Mumbai: The Reserve Bank of India (RBI) kept interest rates steady at record lows on Wednesday, as widely expected, sticking to its accommodative monetary policy amid concerns that rising COVID-19 infections could derail the country's nascent economic recovery.
The MPC voted unanimously to keep monetary policy unchanged as long as necessary to sustain growth, Governor Shaktikanta Das said, even as inflation in February rose to its highest level in three months.
The RBI kept the repo rate or its key lending rate steady at 4% and the reverse repo rate or its borrowing rate at 3.35% after a bout of monetary easing in recent years. It has slashed the repo rate by 115 basis points (bps) since March 2020 to soften the pandemic hit.
"The stance of monetary policy will remain accommodative till the prospects of sustained recovery are well secured while closely monitoring the evolving outlook for inflation," Das said.
The world's fifth-largest economy returned to growth in the three months to December after suffering its deepest recession on record last year.
But a resurgence in cases has prompted many state governments to resume coronavirus restrictions this week, fuelling concerns about economic activity.
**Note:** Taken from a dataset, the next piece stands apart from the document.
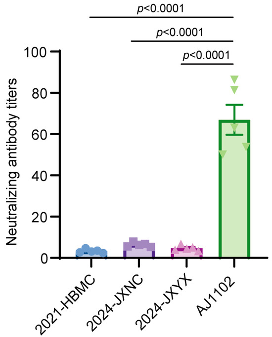 3.2. Neutralization Titer of AJ1102 Immune Serum Against Isolated Strains Is Significantly Reduced

India, which has the world's third largest coronavirus caseload, reported 115,736 new coronavirus infections on Wednesday.
"The recent surge in COVID-19 infections... adds uncertainty to the domestic growth outlook amidst tightening of restrictions by some state governments," Das said.
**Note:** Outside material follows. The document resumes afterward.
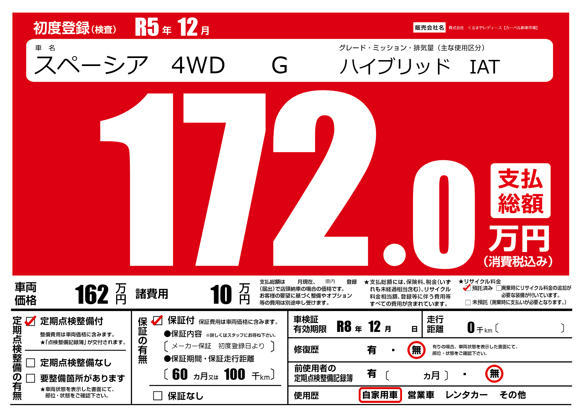 | 走行キロ | - | 初年度登録 | R5年12月 |

"In India, we are now better prepared to meet the challenges posed by this resurgence in infections," he added.
The annual retail inflation rate rose to a three-month high of 5.03% in February due to higher fuel prices and Das said the future course of inflation will critically depend on the progress of the monsoon. RBI has a mandate to keep retail inflation within the 2-6% band with 4% as a medium-term target.
The RBI however retained its GDP growth forecast for the new financial year at 10.5%, after a 7.5% contraction in the 2020/21 financial year, while raising its inflation projection to 5% for Q4 2020/21, 5.2% for Q1 and Q2 of 2021/22.
"The MPC's projections of the GDP & CPI trajectories do not reflect the uncertainties created by the second wave of COVID infections and the use of blunt measures like lockdowns in many states," said Rupa Rege Nitsure, chief economist at L&T Financial Services.
The blue chip NSE Nifty 50 index and the benchmark S&P BSE Sensex rose after the central bank left is key rates unchanged.
Das yet again reiterated that the banking system liquidity will continue to remain in a surplus even after meeting all requirements of the financial market segments and productive sectors of the economy.
RBI also announced a secondary market government securities acquisition programme, under which it would commit upfront to a certain specific amount of open market bond purchases.
RBI will purchase 1 trillion rupees worth of bonds from the market in the April-June quarter under the new scheme, Das said.
"The standout announcement... provides a defacto calendar for bond purchases into FY22, as a counterbalance for the heavy issuance pipeline," said Radhika Rao, an economist with DBS Bank.
Traders had been closely eyeing the borrowing calendar to see if it would help absorb the government's massive borrowing program of $12 trillion in 2021/22.
The government needs these funds to support its spending to ensure the economy continues to remain on track for a solid recovery.
Gross domestic product grew 0.4% year-on-year in the October-December quarter of 2020 after contracting 7.3% in July-September and 24.4% in April-June.